◆ How to complete this task ◆
For the records that follow, restate each one word for word and leave the images behind.
*** Opening of Material for this task ***
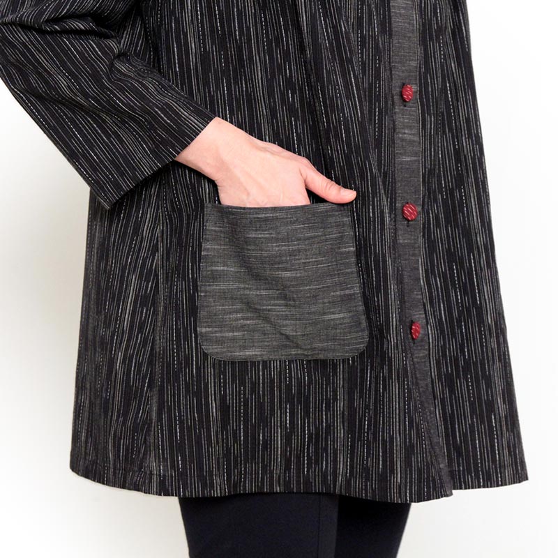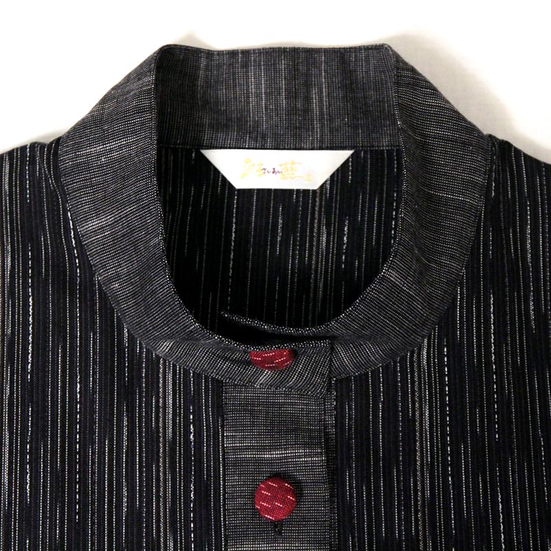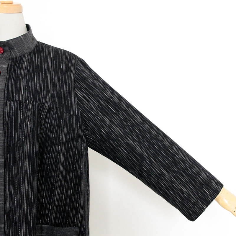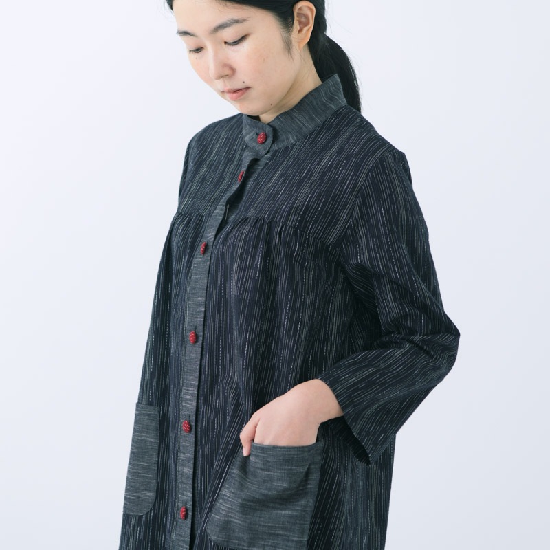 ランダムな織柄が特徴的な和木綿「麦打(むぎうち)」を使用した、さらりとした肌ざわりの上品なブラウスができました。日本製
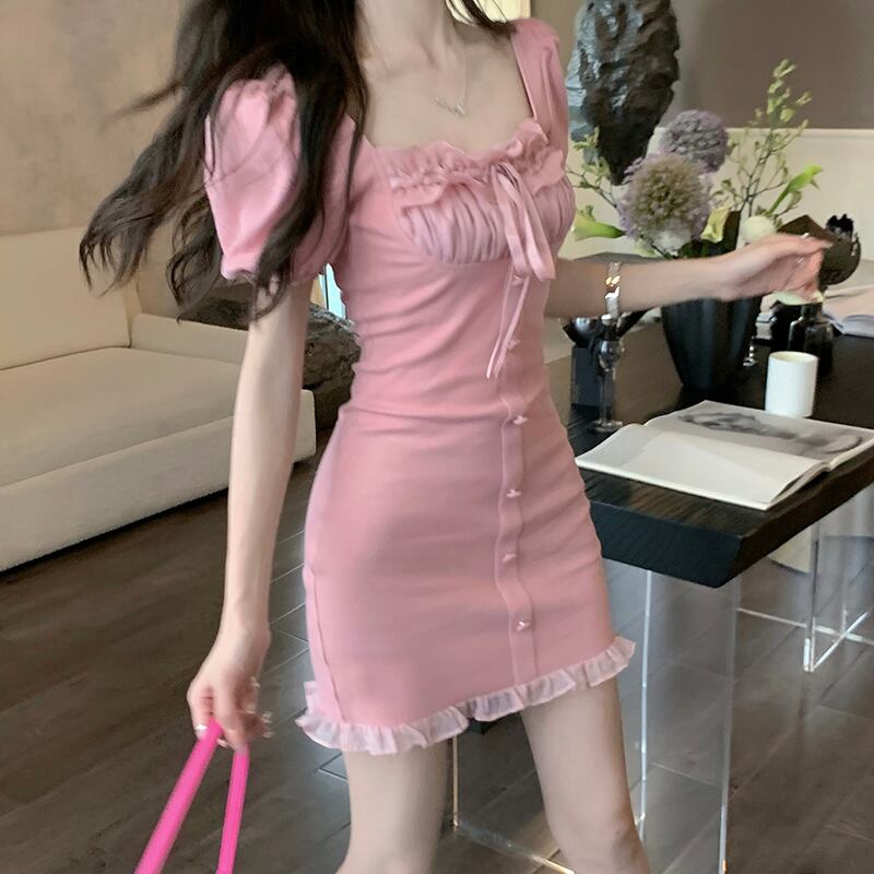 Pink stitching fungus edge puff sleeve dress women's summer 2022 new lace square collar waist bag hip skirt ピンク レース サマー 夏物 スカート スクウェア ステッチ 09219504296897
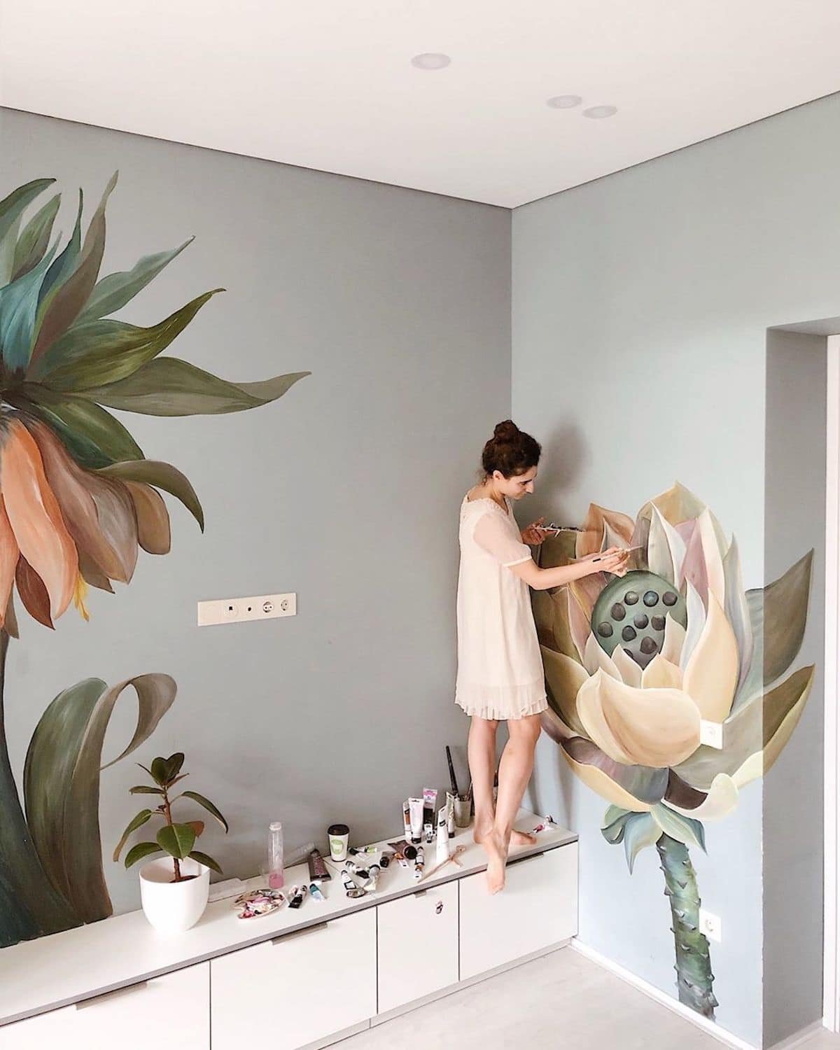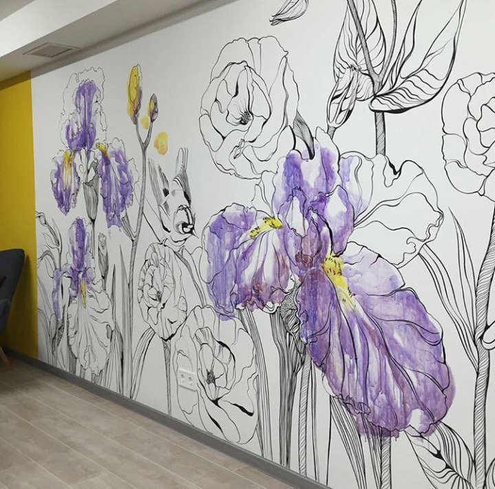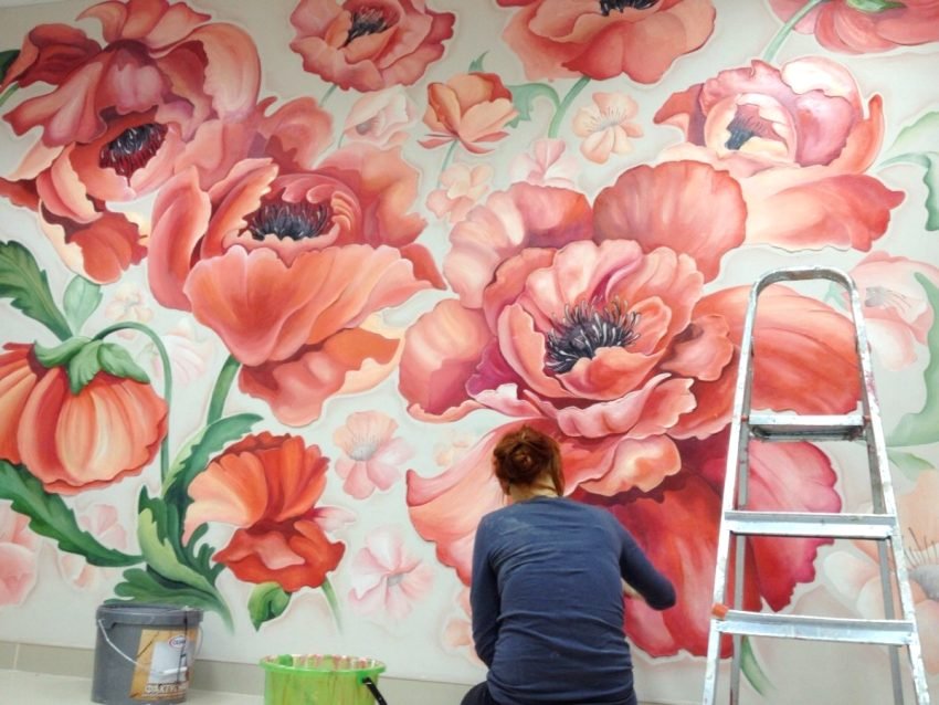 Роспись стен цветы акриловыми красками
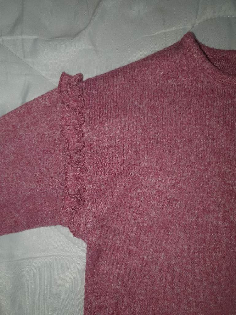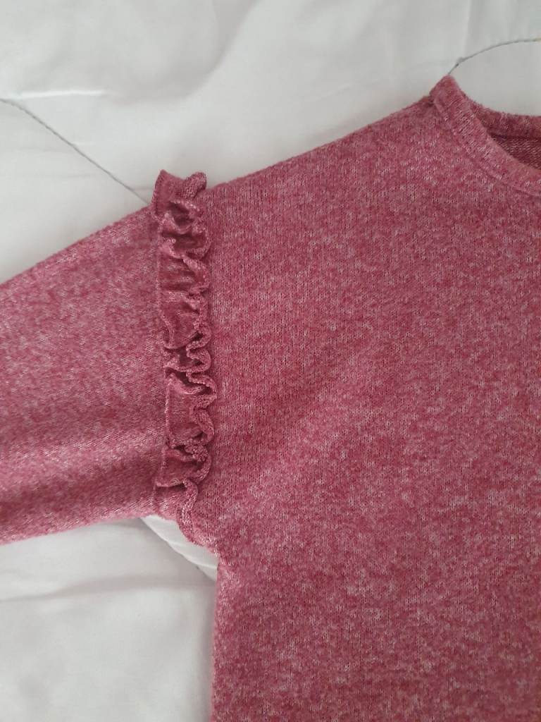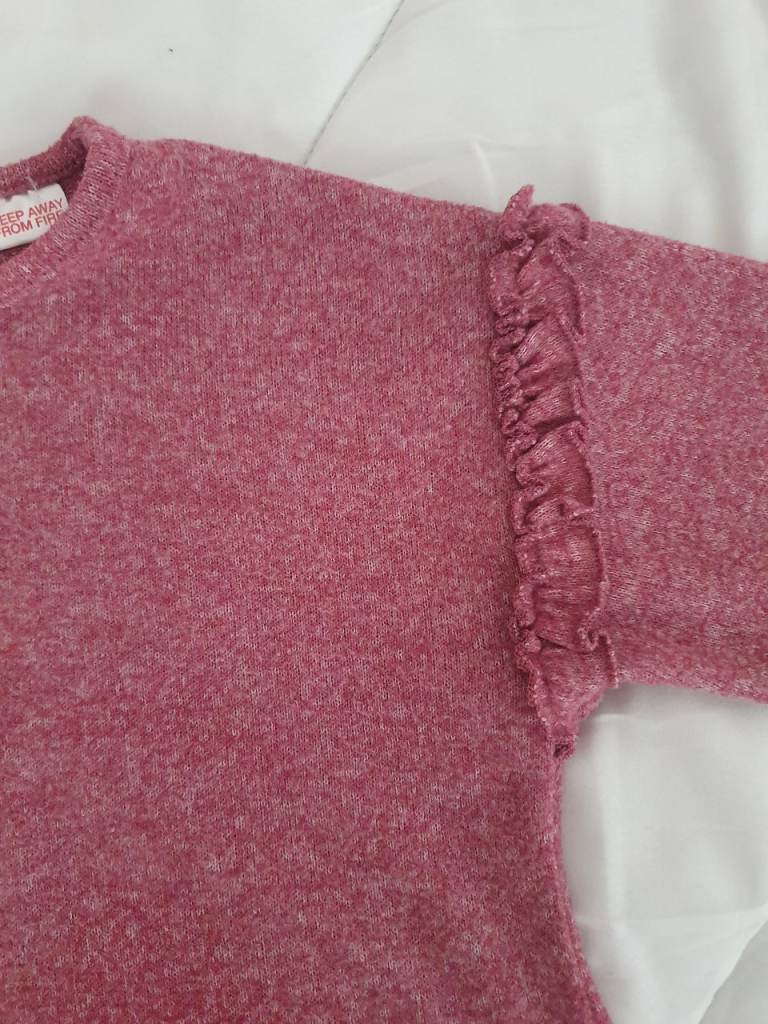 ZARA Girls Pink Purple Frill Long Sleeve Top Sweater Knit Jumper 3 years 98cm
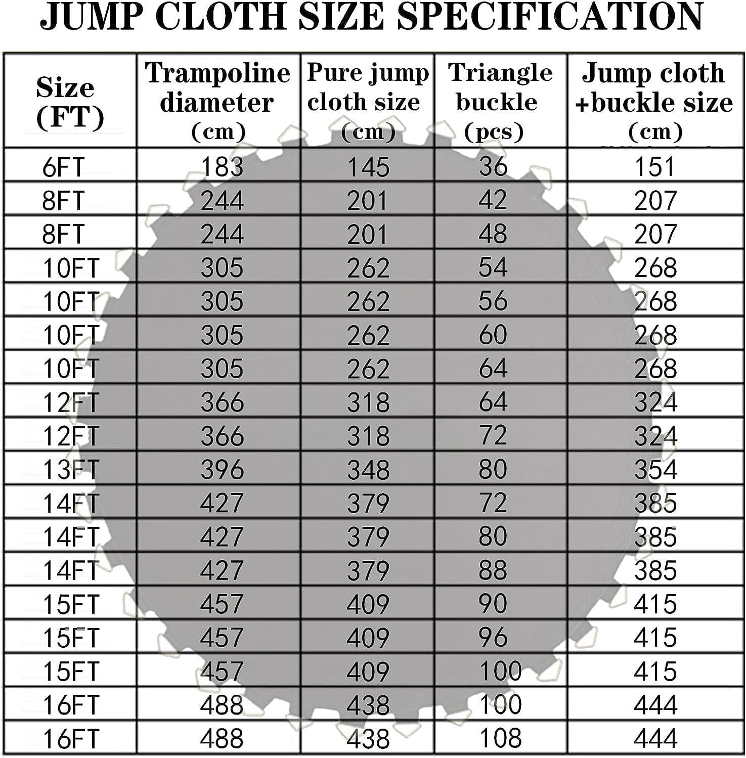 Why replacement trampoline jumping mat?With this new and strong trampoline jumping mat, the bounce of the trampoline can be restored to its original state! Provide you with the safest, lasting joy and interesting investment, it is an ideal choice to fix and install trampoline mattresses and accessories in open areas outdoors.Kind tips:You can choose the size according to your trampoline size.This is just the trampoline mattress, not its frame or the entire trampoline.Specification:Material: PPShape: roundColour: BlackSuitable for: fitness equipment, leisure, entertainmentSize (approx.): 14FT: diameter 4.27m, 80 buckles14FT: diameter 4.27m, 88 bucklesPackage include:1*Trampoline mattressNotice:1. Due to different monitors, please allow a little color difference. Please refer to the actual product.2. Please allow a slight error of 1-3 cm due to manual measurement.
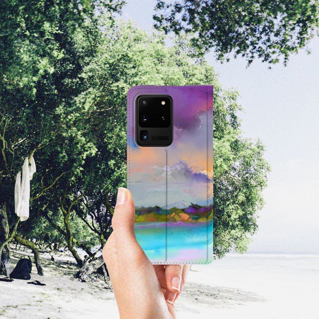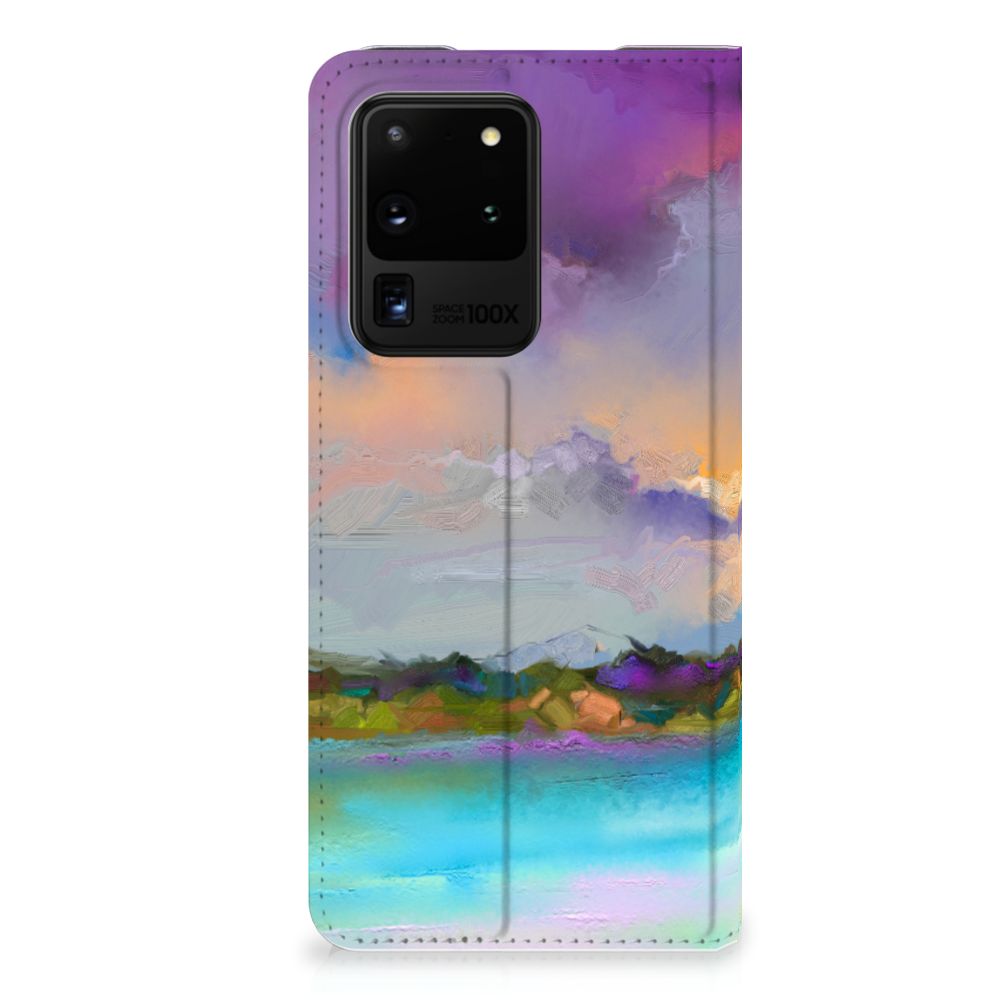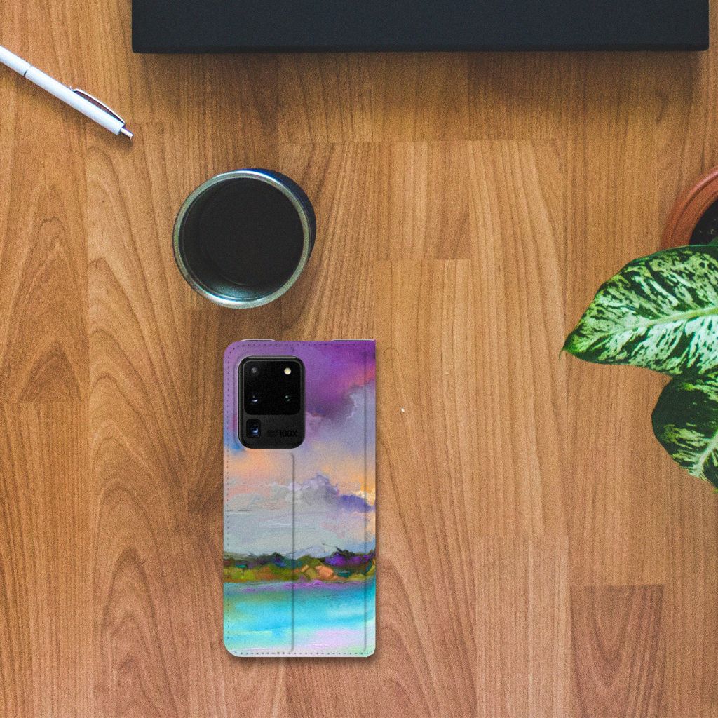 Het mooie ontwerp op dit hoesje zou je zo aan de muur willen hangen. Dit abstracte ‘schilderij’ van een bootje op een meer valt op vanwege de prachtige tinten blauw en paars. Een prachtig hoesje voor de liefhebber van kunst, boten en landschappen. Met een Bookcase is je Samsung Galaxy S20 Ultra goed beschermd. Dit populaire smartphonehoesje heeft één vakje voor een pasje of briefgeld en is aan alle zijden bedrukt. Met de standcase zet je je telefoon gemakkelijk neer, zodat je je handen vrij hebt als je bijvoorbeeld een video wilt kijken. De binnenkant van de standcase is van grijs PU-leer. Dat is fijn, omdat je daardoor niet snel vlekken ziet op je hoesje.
*** Close of Material for this task ***
◆ Task result ◆
 ランダムな織柄が特徴的な和木綿「麦打(むぎうち)」を使用した、さらりとした肌ざわりの上品なブラウスができました。日本製
 Pink stitching fungus edge puff sleeve dress women's summer 2022 new lace square collar waist bag hip skirt ピンク レース サマー 夏物 スカート スクウェア ステッチ 09219504296897
 Роспись стен цветы акриловыми красками
 ZARA Girls Pink Purple Frill Long Sleeve Top Sweater Knit Jumper 3 years 98cm
 Why replacement trampoline jumping mat?With this new and strong trampoline jumping mat, the bounce of the trampoline can be restored to its original state! Provide you with the safest, lasting joy and interesting investment, it is an ideal choice to fix and install trampoline mattresses and accessories in open areas outdoors.Kind tips:You can choose the size according to your trampoline size.This is just the trampoline mattress, not its frame or the entire trampoline.Specification:Material: PPShape: roundColour: BlackSuitable for: fitness equipment, leisure, entertainmentSize (approx.): 14FT: diameter 4.27m, 80 buckles14FT: diameter 4.27m, 88 bucklesPackage include:1*Trampoline mattressNotice:1. Due to different monitors, please allow a little color difference. Please refer to the actual product.2. Please allow a slight error of 1-3 cm due to manual measurement.
 Het mooie ontwerp op dit hoesje zou je zo aan de muur willen hangen. Dit abstracte ‘schilderij’ van een bootje op een meer valt op vanwege de prachtige tinten blauw en paars. Een prachtig hoesje voor de liefhebber van kunst, boten en landschappen. Met een Bookcase is je Samsung Galaxy S20 Ultra goed beschermd. Dit populaire smartphonehoesje heeft één vakje voor een pasje of briefgeld en is aan alle zijden bedrukt. Met de standcase zet je je telefoon gemakkelijk neer, zodat je je handen vrij hebt als je bijvoorbeeld een video wilt kijken. De binnenkant van de standcase is van grijs PU-leer. Dat is fijn, omdat je daardoor niet snel vlekken ziet op je hoesje.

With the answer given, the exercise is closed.